Strictly saying, yes, I see no reason for "float" requirement here. I
believe this can be changed just to "comparison operation occurs", but
Sergey can correct me if I'm wrong.

> 
> > 3) the comparison operation to perform a fused load, which in
> >   turn needs to allocate a register, and for there to be no
> >   free registers at that moment, and for the register chosen
> >   for sacrifice to be holding the constant zero.
> > 
> Unfortunately, it’s not clear what this register (I suppose it’s r14d) is used for.
> Is it an argument, needed after the fall-through in the same trace?
> Why not it sank down below the branch? 
> IIRC it is a dedicated register used for dispatch, so why is it used for sacrificing?

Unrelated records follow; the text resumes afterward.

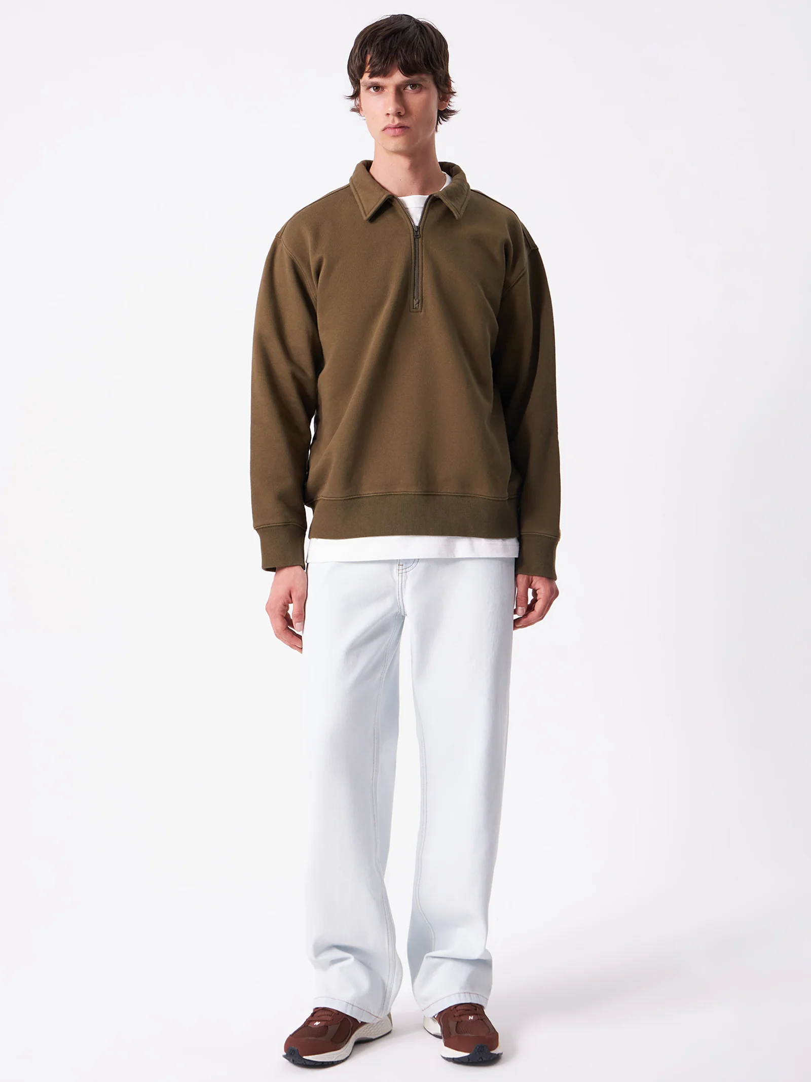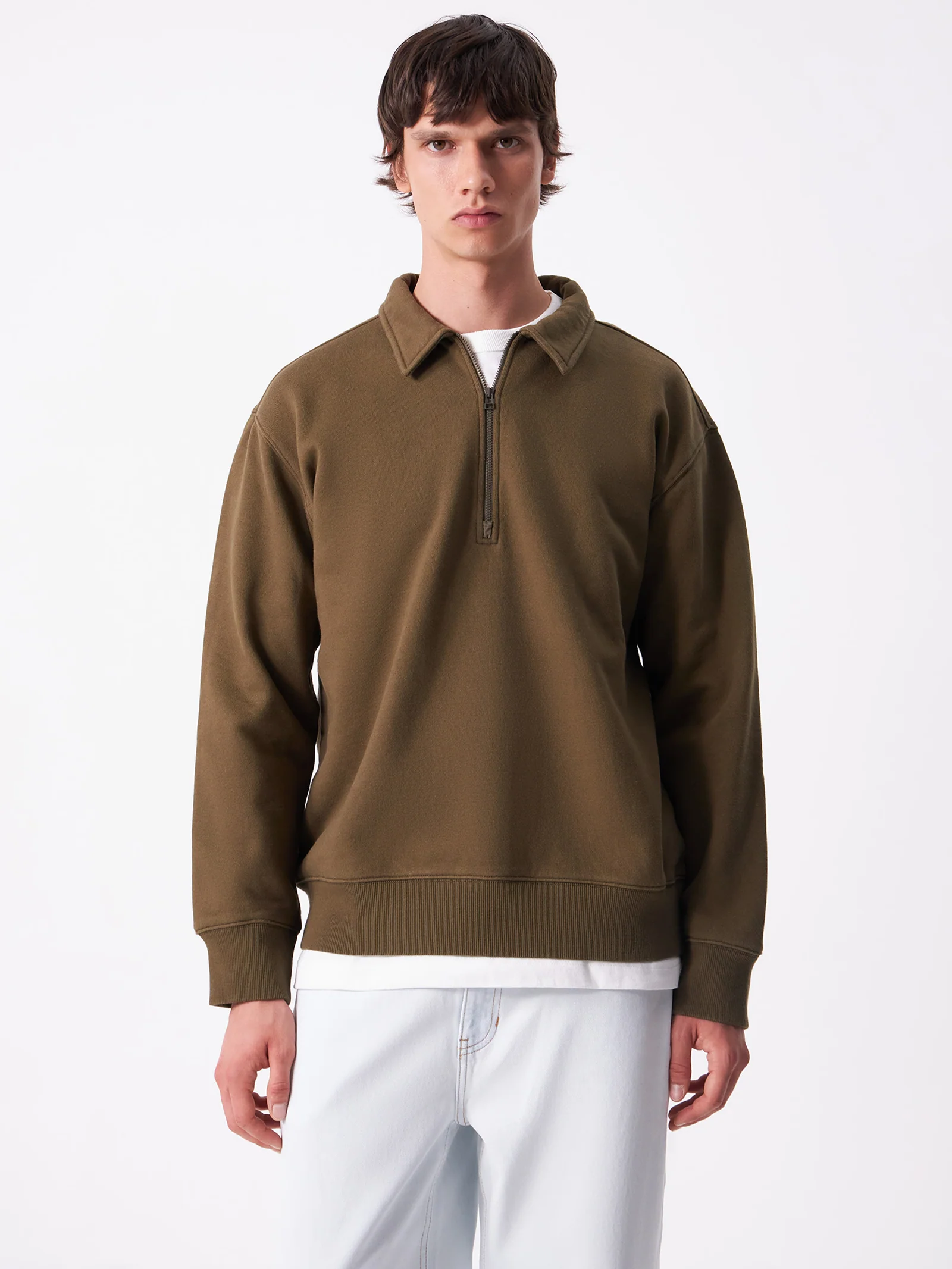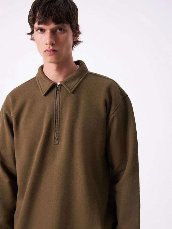 Collared quarter zip sweatshirt, cut from our signature brushed loopback fleece.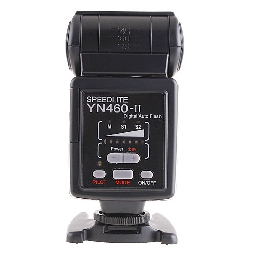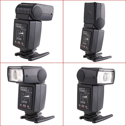 * Increasethe Flash index from 33 to 38 (at 35mm focal length, ISO 100 in meters) and 53 (at 35mm focal length, ISO 200 in meters). * has the output power fine-tuning fucntion, If the 7 output power can't meet your demand, You can press "+" or "-" buttons to fine tune the output power of the flash with step length of 1/7 ev in order to obtain finer exposure control, so there are 48 step length for you to choose. * The recycling time is much faster than the first version. * With Reflector board and diffusing board to take photos * With test button and charging indicator. * Bounce Flash. * Use Wide-angle Diffuser. * Rear-curtain Sync. * Multiple Flash Application. * Built-in reflector/soft board. * Built-in diffuser board. * Lock ring. * Hot shoe mount. * Output level adjustment. * Charge indicator. * Swivel head. * Top brand product, high quality guaranteed. * Works with a wide range of cameras including Nikon, Pentax, Canon and Olympus. Speicifications: * Brand: Yongnuo * Model: YN460-II * Guide number: 38 (at 35mm focal length,ISO 100 in meters) 53 (at 35mm focal length,ISO 200 in meters) * Flash Mode: M, S1, S2 * Flash power control: Level 46 light quantity output control with 1/7-stop uncrement * Circuit design: Insulated Gate Bipolar Transistor (IGBT) * Up/down ward angle: 0-90 degree * Left/right angle: 0-270 degree * Power Source: 4 * AA size batteries (Alkaline or Ni-MH are usable) * Battery Life: 100 - 1500 times (with alkaline batteries) * Recycle Time: Approx. 4Sec., with fresh AA size alkaline batteries * Slave Mode S1: Normal Optic Slave * Slave Mode S2: Pre-flash Cancel Slave * Color Temperature: 5600K * Flash Duration: 1/800S - 1/20000S * Flash adjustment: 7 different power level (1/2, 1/4, 1/8, 1/16, 1/32, 1/64, 1/7) * Power Saving: Stand by mode, 30mins to power off mode; 60mins to power off when using the optic mode * Color: Black * Product size: 170*60*52mm * Product weight: 265g * Package weight: 190*94*80mm * Package weight: 400g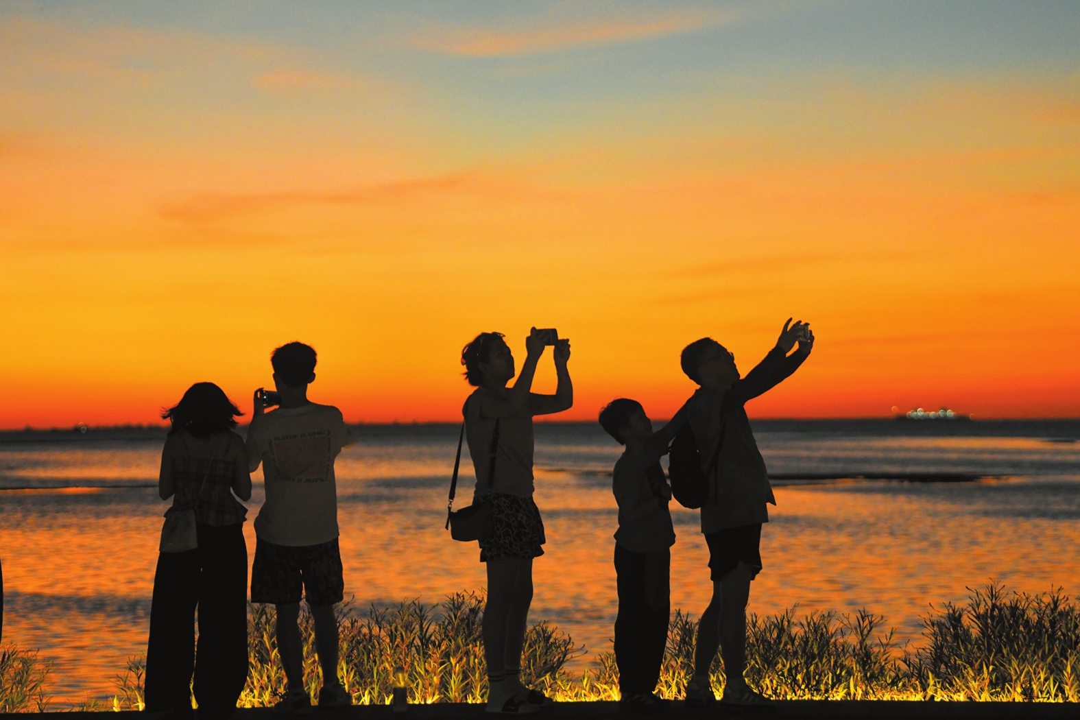 8月28日傍晚时分,夕阳的余晖笼罩着海口湾,绚烂的彩霞变幻多姿,云洞图书馆附近市民游客络绎不绝,纷纷在此露营或休闲漫步,感受当下最美的光阴。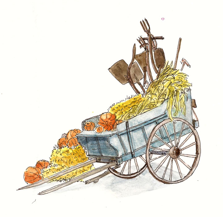 When I saw this display I had to sketch it. Great scene, though unfortunately it was placed into a shaded area next to the entrance of our farmers’ market. This was not the most photogenic placement of a rustic cart so I didn’t draw any of the background. Hope that’s ok (grin).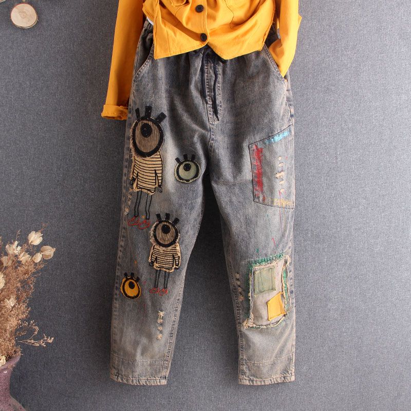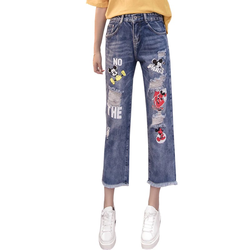 Cartoon Mickey Mouse Jeans Plus Size Distressed Ripped Boyfriend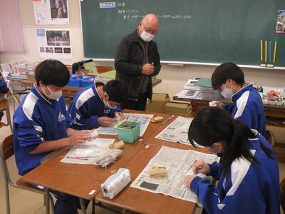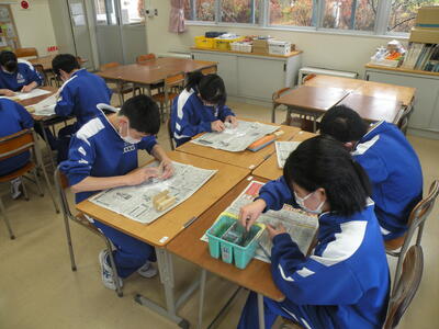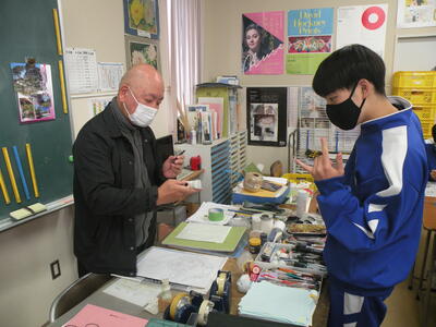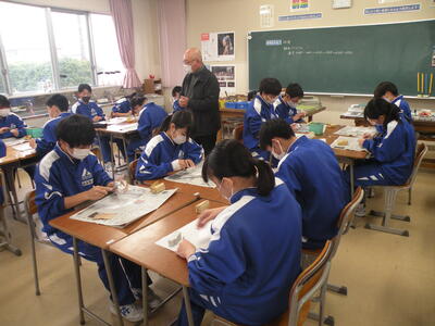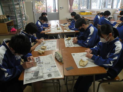 2021年11月22日 12時05分3年1組の美術の授業では、教科担任の先生のご助言をいただきながら、仕上げに入ってきた生徒が見られます。紙やすりを濡らしながら磨きをかけ、石の表面はツルツル状態です。どの生徒も集中力がすごく、細部にわたり丁寧に削ったり、磨いたりしていました。
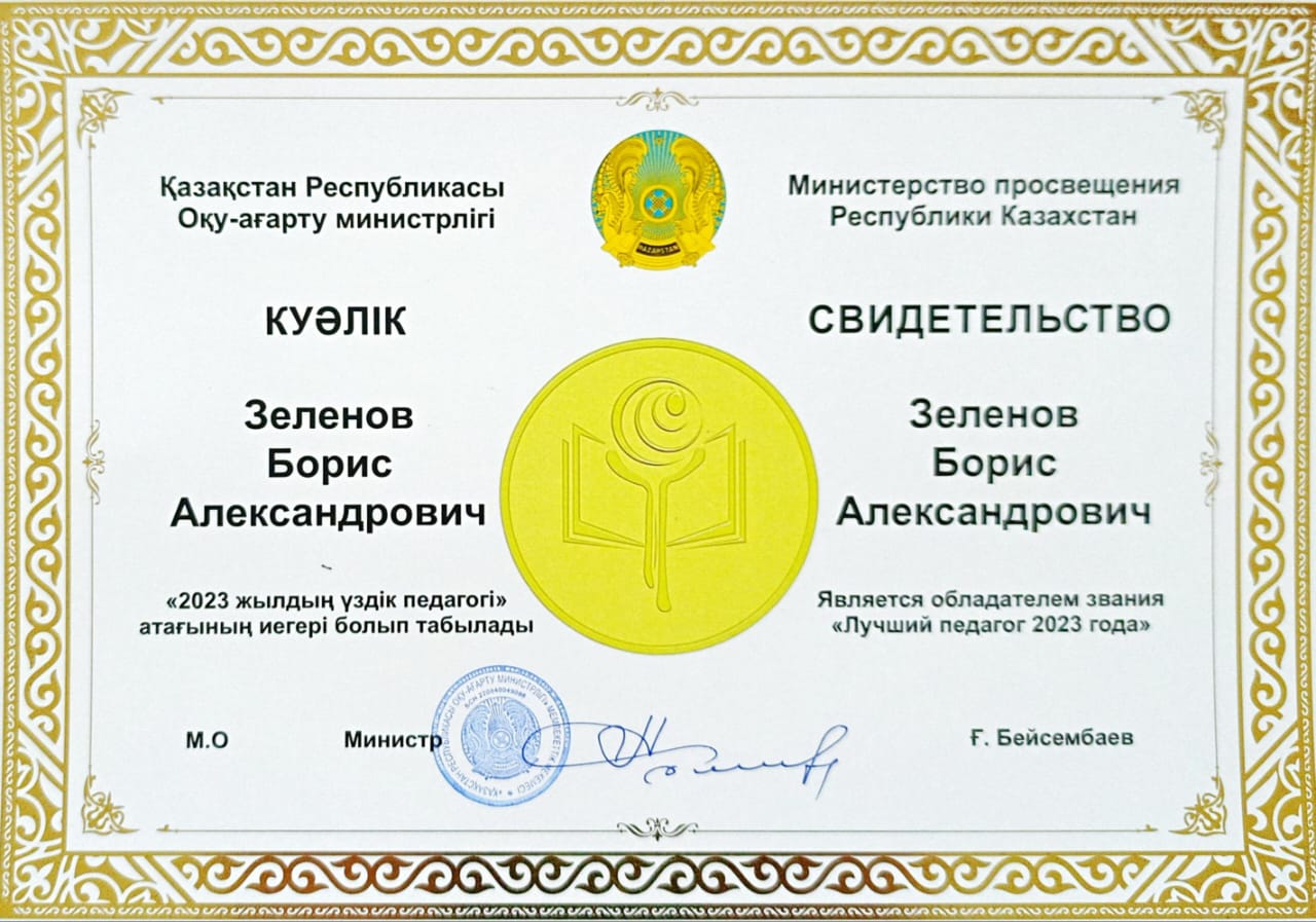 Победитель КИО по информатике (Май, 2019). III место - Бериков Ерлан (9 кл).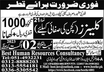 Cleaner Jobs Open In Qatar 2023 announce the Contract career opportunities for the post of See Below Ad in Qatar for the fresh and experienced candidates on Contract basis who have Check Advertisement degree. Posted date of this post is 27/07/2023 and the last date is 02/08/2023. if you are eligible for this job apply before due date.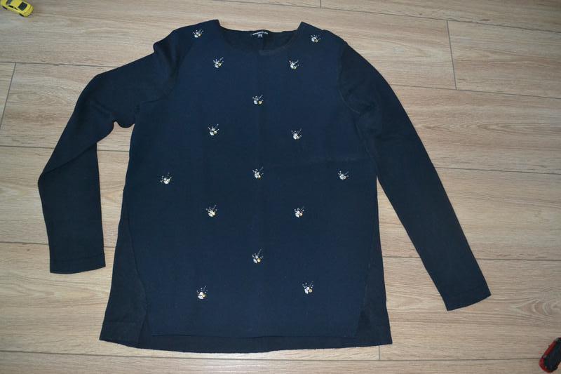 Ошатна кофта оригінально пошита,перед з іншого контрастного матеріалу,дуже стильно виглядає,є нюанс,немає одного каменю,на фото показала,в іншому стан відмінний.Розмір L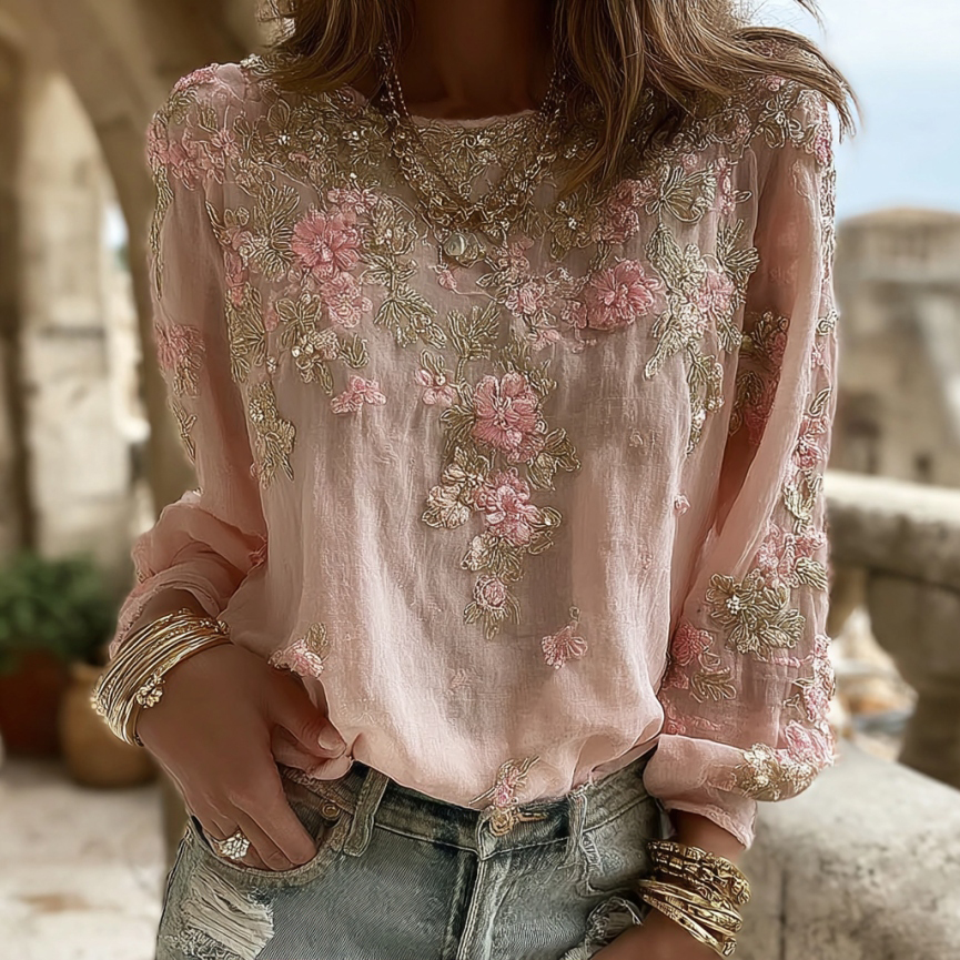 Women's Vintage Pink Flower Embroidery Art Print Round Neck Long Sleeve T-shirt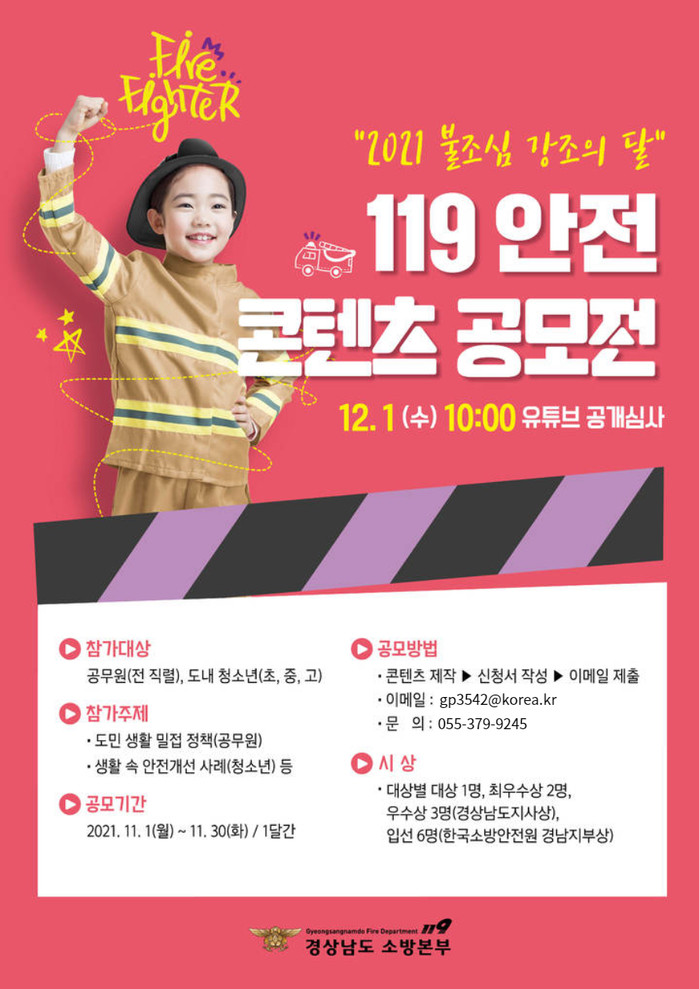 응모 희망자는 이달 말까지 참가 신청서와 4분 이내의 동영상 파일을 양산소방서 예방안전과로 제출하면 된다. 심사는 다음 달 1일 유튜브 생방송으로 진행하며 시상은 대상별 경남도지사상 6점, 한국소방안전원상 6점이다.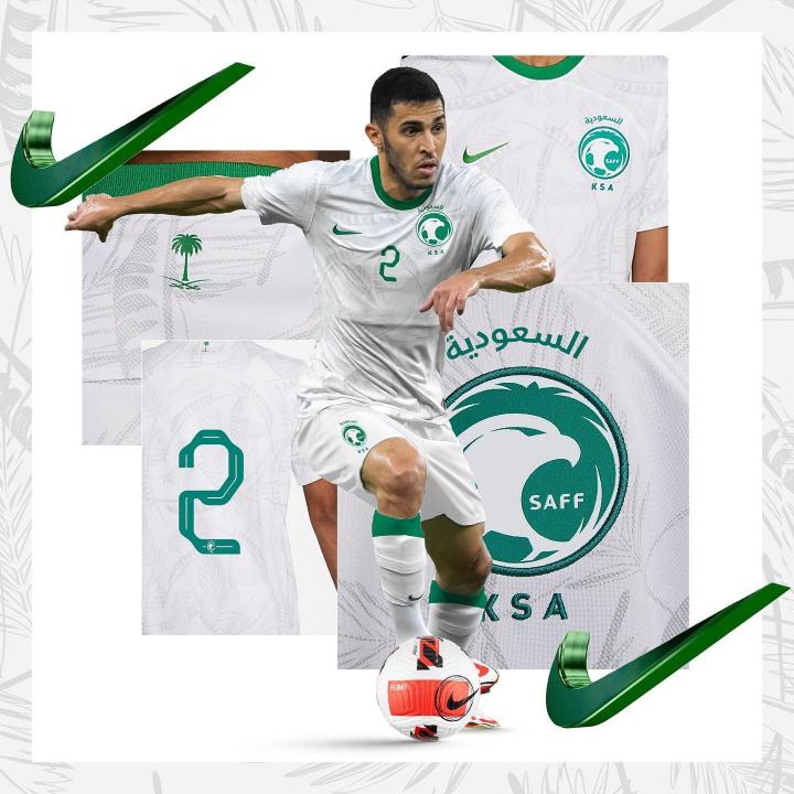 主场球衣是纯白色,遍布其全身的就是一片片棕榈叶的暗纹。不过需要指出的是,同上面一模一样的花纹设计其实早在沙特2020年的客场球衣上就有出现,此次的“复制粘贴”,也许是Nike又一次偷了懒吧……

Like many things in LuaJIT register allocation is "state-of-the-art" (or
as I called this "ad-hoc") entity. Since it's implemented as a linear
scan RA working in a reverse direction of the trace being recorded,
register is "allocated" for IR slot being used as a source and "freed"
at the moment it becomes a destination.

To describe the process Sergey fit in a three-bullet list above, we have
the following.
0) IR for either "internal" (e.g. type check, hmask check) or "external"
   (e.g. branch or loop condition) guard is begin emitted to mcode.
1) JCC to side exit is emitted to the trace mcode at the beginning.
2) Condition (i.e. comparison) is going to be emitted.
3) Fuse optimization takes its place, that ought to allocate a register
   for the load base.
4) There is no free registers at this point.
5) The one storing the constant zero is chosen to be sacrificed and
   reallocated (consider allocation cost in ra_alloc for constant
   materialization).
6) Before (or in the sense of trace execution, after) register is
   being used in the aforementioned comparison, register (r14 in our
   case) is reset by XOR emitted right after (before) jump instruction.
7) The comparison with fused load within is emitted.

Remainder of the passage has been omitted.